Hear Roger Waters’ Dramatic Live ‘Comfortably Numb’
The version of Pink Floyd’s “Comfortably Numb” that appears in the concert film Roger Waters The Wall finds the group’s former singer-songwriter dramatically reinterpreting the song’s lyrics while singer Robbie Wyckoff handles the parts originally sung by David Gilmour. The track, which runs about a minute longer than the original studio recording, will be available on the movie’s soundtrack album, due out Friday.
In an interview with Esquire, which premiered the song, the singer chuckled about the idea that he typically writes dark material. “People say, ‘Why do you write gloomy stuff?’ And I always go, ‘Next!'” he said with a laugh. “Or I go, ‘You don’t get to choose what you paint. If you have a vision, you fucking paint it, and you just be very, very glad that you had a fucking thought that was cogent in some way.'”
He also shared some thoughts on what he felt to be failures in his career, singling out the final record he recorded with Pink Floyd, 1983’s The Final Cut. “There’s some stuff about the production of that album that I think are a bit clunky and heavy-handed,” he said. “I don’t love the drum sound and, if I could do it again, I would be much more naturalistic in terms of the way things are constructed.
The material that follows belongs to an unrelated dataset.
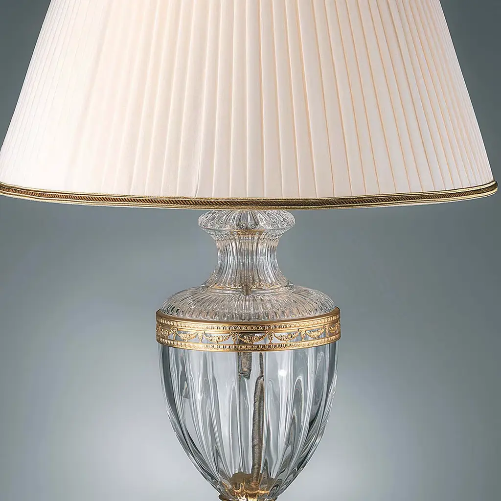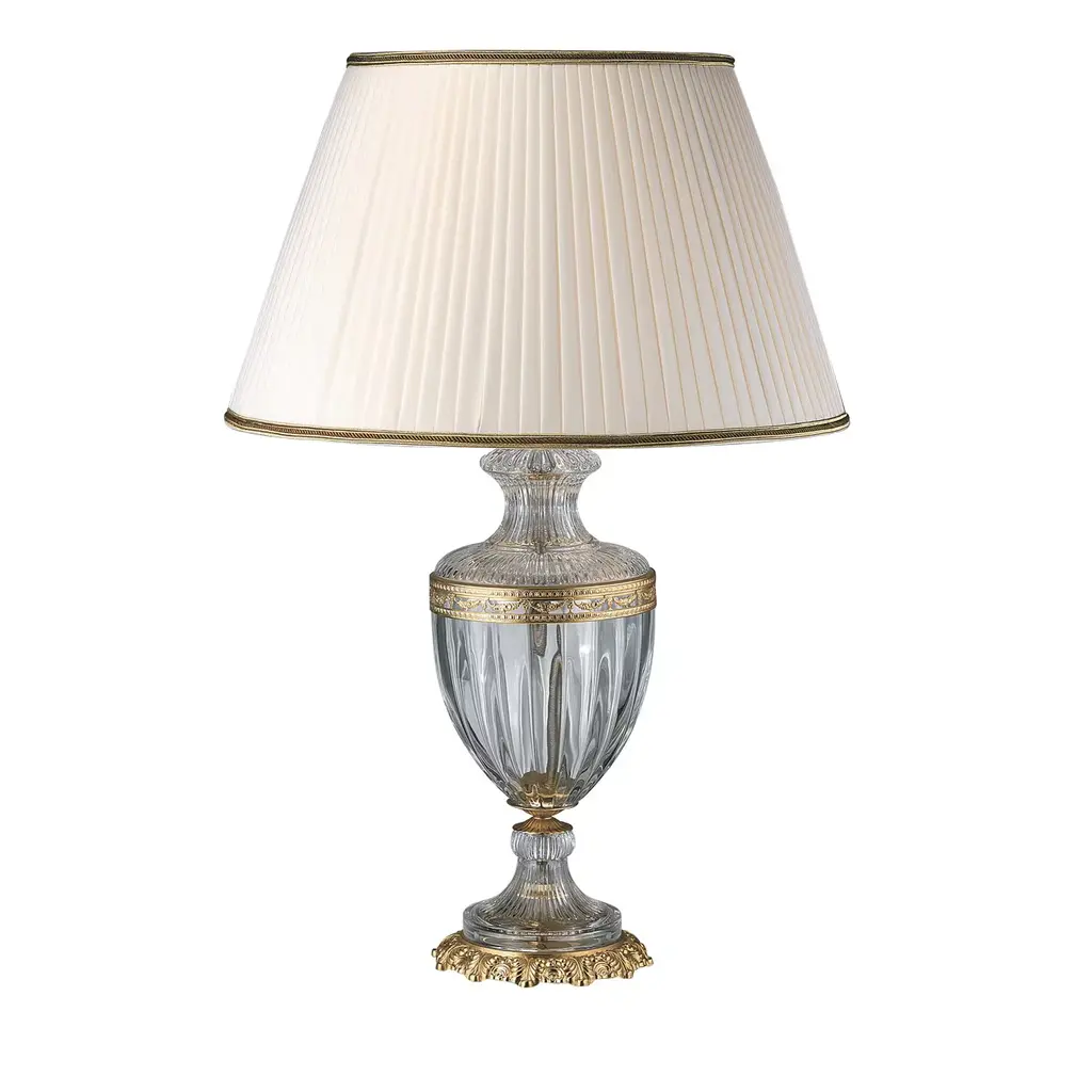 This lamp meant for the top of a dresser will add a touch of luxury to any home. The clear crystal body of the lamp is adorned with accents and a base in 24k gold plated brass. The elegant white lampshade has piping in its bottom and top in 24k gold plated brass as well.
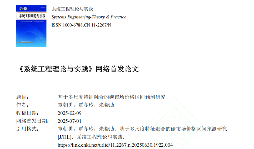 近日,mg冰球官网覃朝勇教授团队在能源预测领域研究取得重要进展,研究成果《基于多尺度特征融合的碳市场价格区间预测研究》在管理科学与系统工程领域的顶级权威期刊《系统工程理论与实践》上发表。论文第一作者为覃朝勇教授,第二作者为mg冰球官网硕士研究生覃冬玲,通讯作者为朱帮助教授。mg冰球突破试玩为第一单位和通讯单位。

I would not try to make this thing that has these huge dynamics in it.”
One thing that hasn’t changed for Waters over the years is the general meaning behind The Wall. “The context changes, but the story remains the same,” he told Rolling Stone in September. “If people see this movie, what I hope is that that they may look at one another and go, ‘You know what? We are a community, and we are many. There are a lot of us.'”
The Roger Waters The Wall soundtrack, produced by frequent Radiohead collaborator Nigel Godrich, features concert recordings from around the world on his massive staging of the double-album between 2010 and 2013.